It works for me with : java version "1.4.1_01" Java(TM) 2 Runtime Environment, Standard Edition (build 1.4.1_01-b01) Java HotSpot(TM) Client VM (build 1.4.1_01-b01, mixed mode) on Win 2K, Service Pack 2 However, I wonder whether what is really happening is not that rmid has been fixed to close its stdout and stderr properly. I tried also with cvs log (which I am doing over ssh), and did not reproduce the problem. So the next question is : how can one create a test class or a shell or Perl script or C program which does not close properly its stdin/stderr streams, so that the problem can be "lab studied" ? Without a possibility to reproduce the problem, this should be closed as WONTFIX or WORKSFORME.
Hi, I mark this bug as resolved for ant 1.6 since nobody has voiced remarks.
bug is still present in 1.6 aand it cause problems for NetBeans 4.0 execution (NetBeans 4.0 build system is now based on Ant). See bug: http://www.netbeans.org/issues/show_bug.cgi?id=49489 simple case I've described before is still reproducible but better try to execute notepad instead of rmid: public static void main(String args[]) throws Exception { Runtime.getRuntime().exec("notepad"); System.out.println("finished"); }
Hi Adam, I do not follow your example with notepad. The Runtime.getRuntime().exec("notepad") will not return until the notepad process stops.
Hi Peter, I do follow, the exec method starts the process and returns. Did you tried that ? BTW: part of the Runtime.exec javadoc: "Executes the specified string command in a separate process."

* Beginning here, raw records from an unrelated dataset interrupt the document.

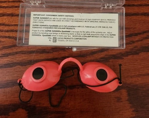 Lucas Super Sunnies Eyeshields Tanning Bed Goggles UV Eye Protection VINTAGE ‘88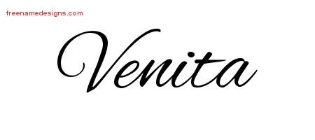 This free name graphic with cursive lettering is printed with the custom name Venita.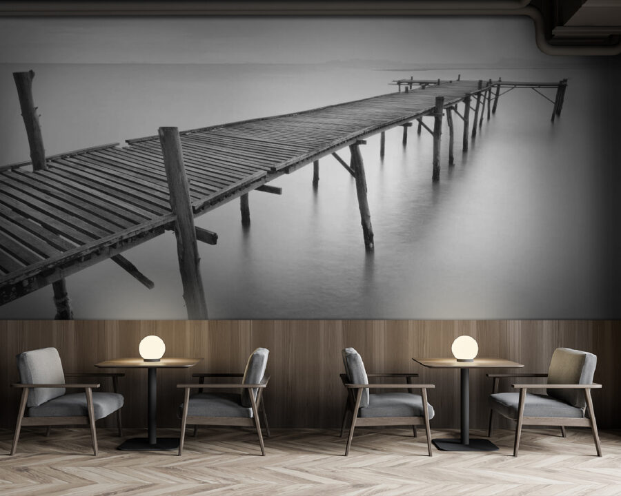Transformați-vă spațiul cu o pictură murală care surprinde farmecul liniștit al unui pod lung de lemn întins peste ape calme. Imaginați-vă că stați la margine, respirați adânc și lăsați liniștea să vă cuprindă. Această piesă uimitoare aduce marele aer liber în interior, estompând liniile dintre natură și designul interior. Perfectă pentru o cameră de zi sau un colț de lectură, aceasta invită la visarea cu ochii deschiși a după-amiezilor liniștite pe malul apei. Prietenii se vor găsi pierduți în gânduri, dorindu-și o plimbare pe acel pod. Este ca o mini-vacanță pe peretele tău, fără valiză!
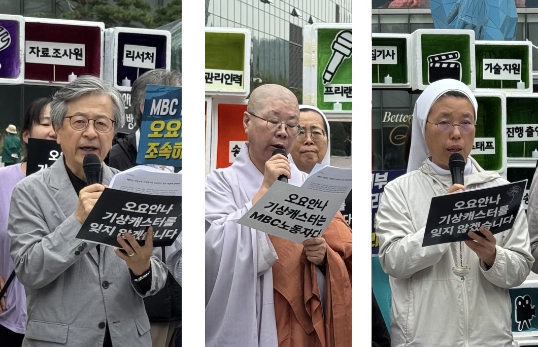 천주교여자수도회장상연합회JPIC분과 위원장인 여호수아 수녀는 “고 오요안나 님은 단지 개인적인 고통 때문에 세상을 떠난 것이 아니라, 비정규직이라는 이유로, 프리랜서라는 이유로 구조적 차별과 직장 내 괴롭힘을 견뎌야 했던 불합리한 현실이 그의 생명을 앗아갔다”면서 고인의 죽음 이후 “1년이 지난 지금까지도 책임을 회피하는 것이 과연 공영방송으로서 MBC가 보일 수 있는 태도인가” 지적했다.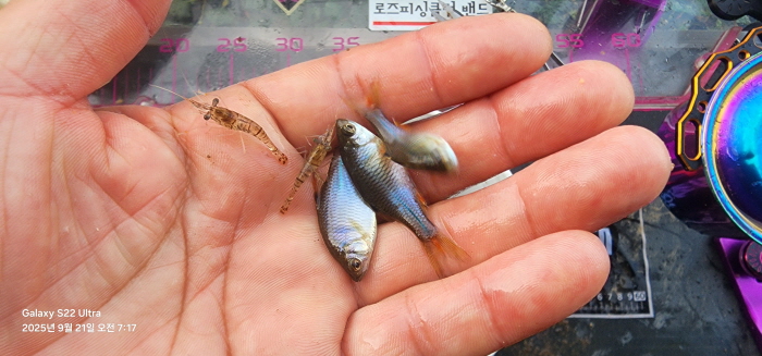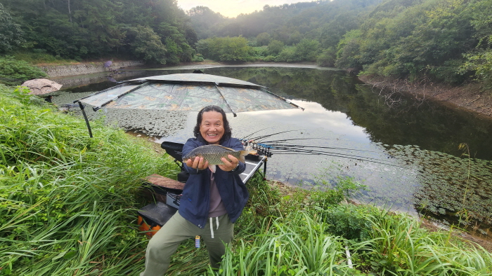 새벽에 기상을 해보니 새벽 5시30분. 그때까지도 버티며 낚시했던 김진일 회원이 “장미(필자의 닉네임) 님 한 수 했습니다”라고 말하는 소리가 들렸다. 필자가 차로 들어가 잠을 잔 새벽 2시40분 쯤 35cm급의 허리급 월척붕어를 낚은 것이다, 필자도 자리에 앉자마자 27cm급 붕어를 올렸다.

Notepad is special; it is a GUI app. If you look at how windows execs guis, it does *odd* things, things that only make sense from a historical perspective. try on a command line app instead of notepad.

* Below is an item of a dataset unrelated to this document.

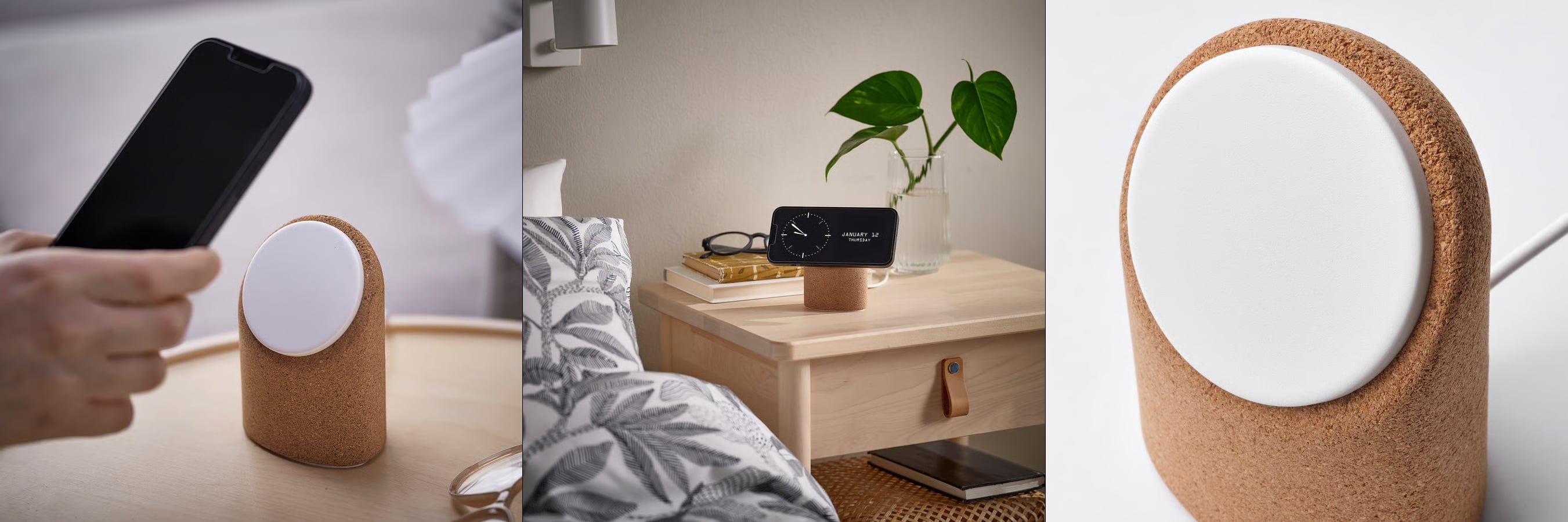 A harmadik eszköz a Västmärke vezeték nélküli töltő állvány, ez már a döntve, egy emelvényen tartja a rábízott okostelefonokat. Az állványon a mobil lehet fekvő vagy álló orientációban, beállítható az éjjeli szekrényen órának a folyamatosan aktív képernyős móddal, és ezzel párhuzamosan reggelre feltöltődik energiával. A burkolat jelentős része parafából készült, így környezetbarát, csak az a része a műanyag, amire a mobiltelefon felfekszik.

Adam, I still do not follow. Ant exec is not the same as just calling process.exec(). It's job is to start the process and handle it's input and output <file descriptors|handles> and wait for it to finish. One can use the "spawn" attribute to spawn off the process and not care about it. note, the notepad program is not the issue the follows also works in unix: public class Test { public static void main(String[] args) { try { Runtime.getRuntime().exec("emacs"); System.out.println("finished"); Thread.sleep(10 * 1000); } catch (Exception ex) { ex.printStackTrace(); } } } The parent process of the emacs process is the java program, and when it dies, the parent process becomes the init process.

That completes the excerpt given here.